Tuesday, February 10, 2015

KC (13) World View of Power

In Kingdom Conspiracy, Scot McKnight writes some good stuff about what he calls a World View of Power.

Another worldview and idolatry (is) at work both in the world of Jesus and in our world: the worldview of power (Chapter 4).
Romans politics is about power and domination and might and force and coercion and sword. The politics of Jesus is about sacrificial love for the other, even if that means death from the sword (Chapter 4).
True power is with God, the three King and Emperor, and Jesus will submit only to that God (Chapter 4).

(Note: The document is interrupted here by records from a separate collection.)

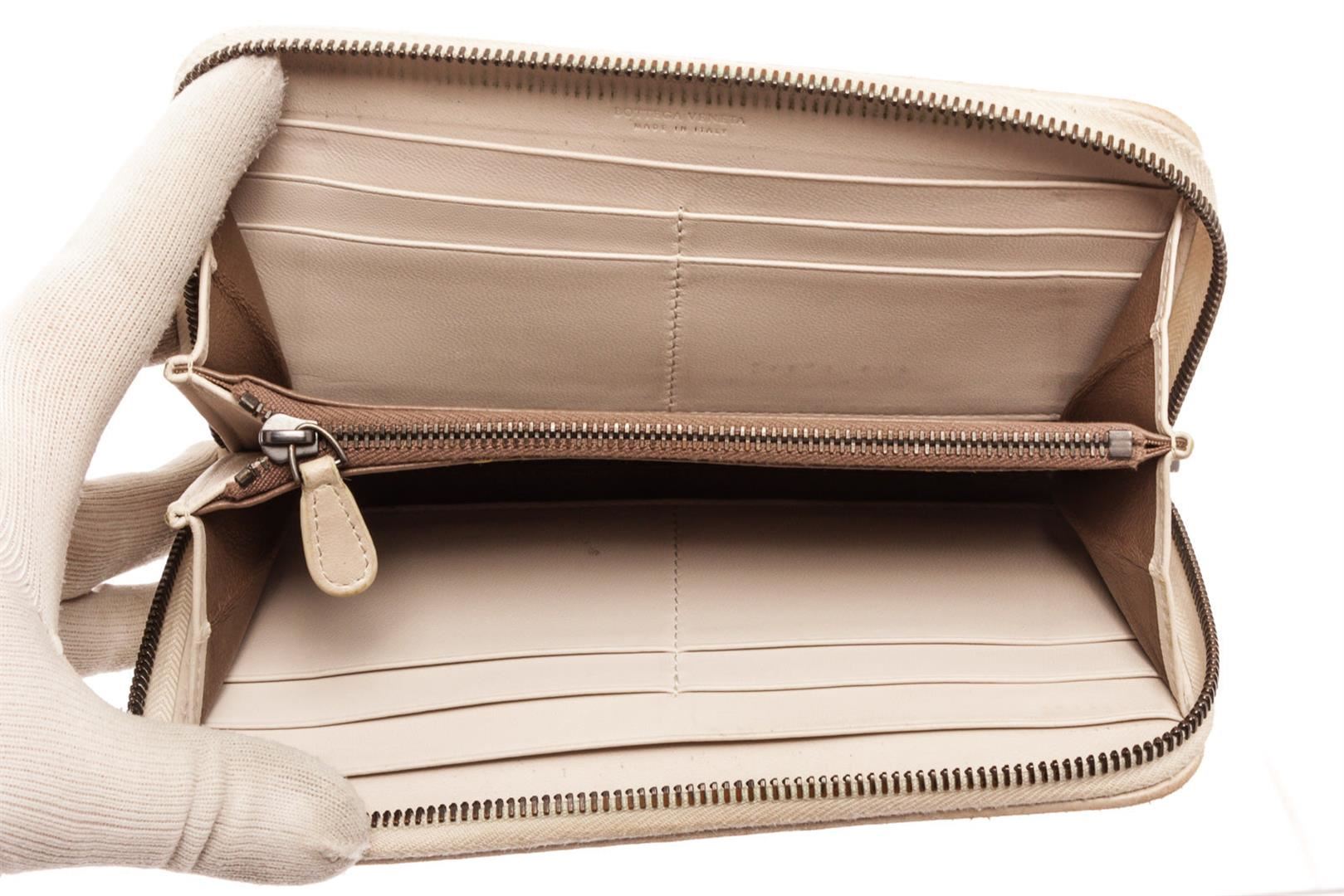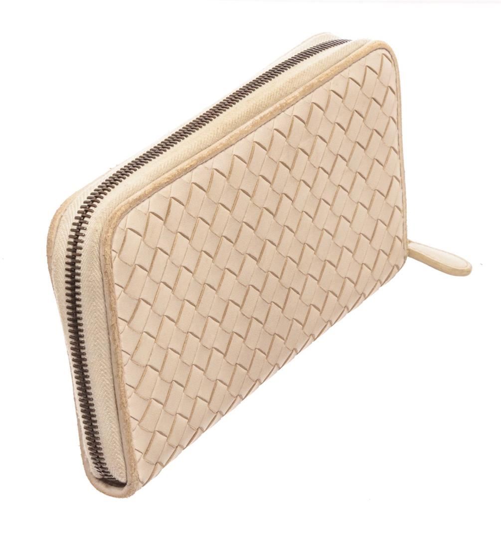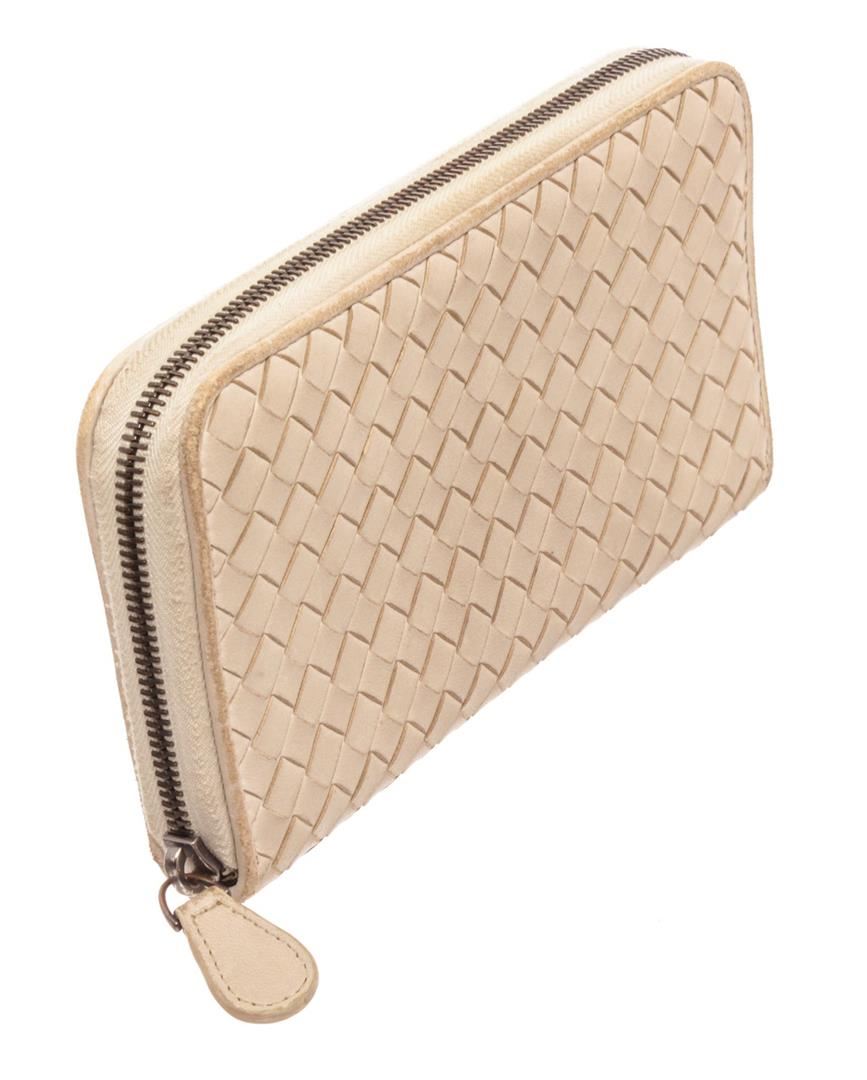 Bottega Venetta Cream Leather Zip Around Wallet with gold-tone hardware, trim leather, interior zip pockets, top handle and zip closure.
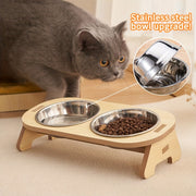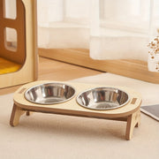 This elevated cat bowl set offers the perfect solution for your cat's comfortable eating experience. The modern design with a wooden base places the bowls at an ergonomic level, helping to reduce neck strain during eating. The steel bowls are durable and easy to clean. This set is ideal for promoting a healthy eating style and is suitable for both eating and drinking.
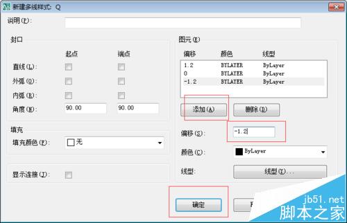 4、彈出新建多線樣式窗口,在圖元中點擊添加按鈕,將一項偏移改為1.2中間為0第三項改為-1.2點擊確定。
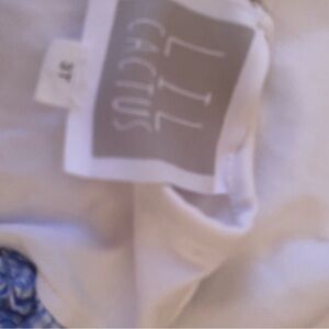White tee with blue flutter sleeves
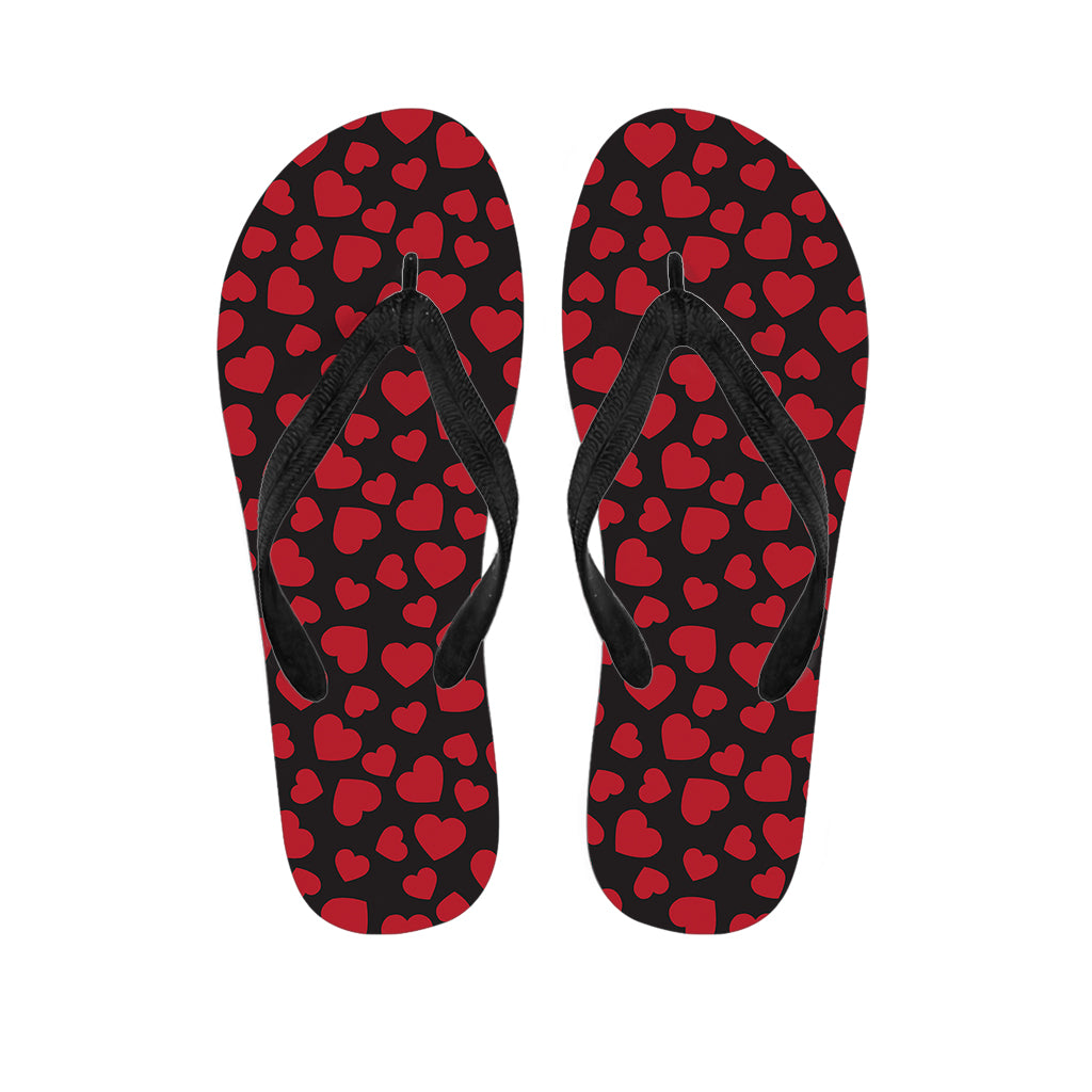 Red And Black Heart Pattern Print Flip Flops For Men Women

Power has always been a temptation, and I want to argue that majority rule in America carries with it an empire temptation for many Christian citizens (Chapter 4).
The political left takes one posture on issues, while the political right draws swords from another posture. If we step back we see that each side seeks to impose its view on the minority. This is ruling over the other.

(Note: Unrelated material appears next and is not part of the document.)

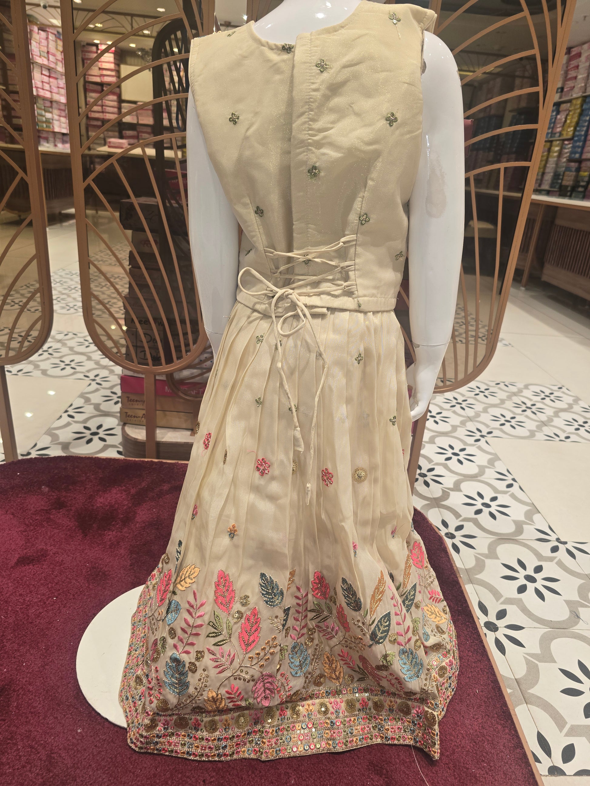 Girls Cream Tissue Silk Embroidered Gaghra Set
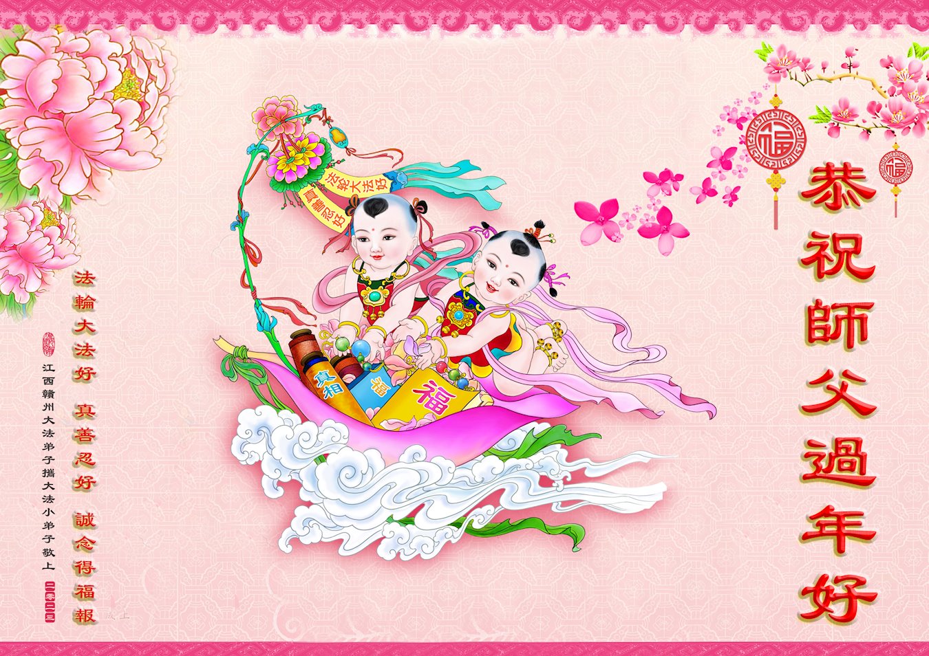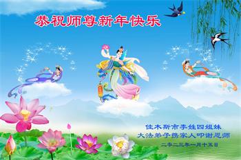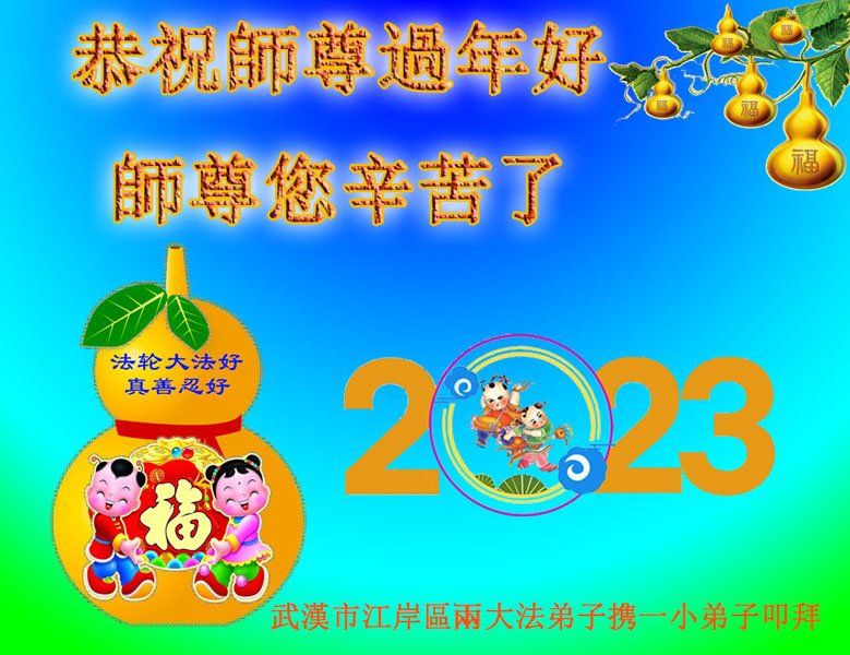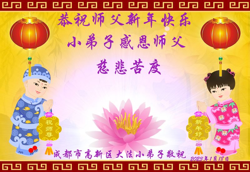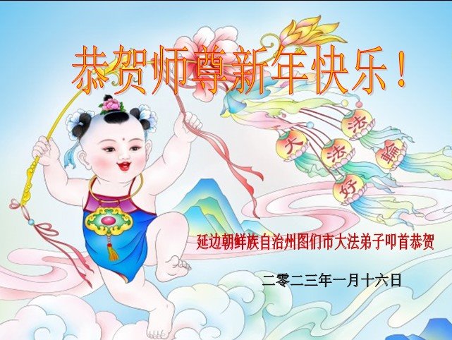 【明慧网二零二三年一月二十一日】2023年中国新年到来之际,中国大陆各民族大法弟子们恭祝李洪志师父新年好!更盼望师父早日回国和弟子们团聚。大法弟子在贺词中写道:“我们时时沐浴在佛恩浩荡中,因为有大法导航,我们不再迷茫;因为有大法指点迷津,我们充满智慧和理性;因为有大法护佑,我们幸福无比。我们时时盼着您早日回中原。”

I call this quest for power through the political process the “eschatology of politics”-that is, the belief that if we usher in the right political candidates and the right laws, then kingdom conditions will arrive.
I submit that our eschatology has becomes empire-shaped, Constantinian, and political. And it doesn’t matter to me if it is a right-wing evangelical wringing her fingers in hope that a Republican wins or a left-wing progressive wringer her fingers in hope that a democrat wins. Each has a misguided eschatology. The kingdom story counters the culture of politics as the solution to our problems (Chapter 4).
Politics is a colossal distraction from kingdom mission. Politics entails diminution of our kingdom message, because to speak well in the public forum means we have to turn our gospel-drenched message that focuses on Jesus, the cross, and the resurrection into acceptable, common-denominator language and vision. Instead of talking discipleship and a cruciform life, we talk about values and soak it in the pretentious “Judaeo-Christian ethic”. Politics means seeking to influence the state in the direction of the kingdom, but in so doing, it is asking the public and the state to put into law and policy the kingdom story.
We kingdom people don’t need the state, we don’t need the majority, and we must refrain from equating victory in the world with kingdom mission (Chapter 7).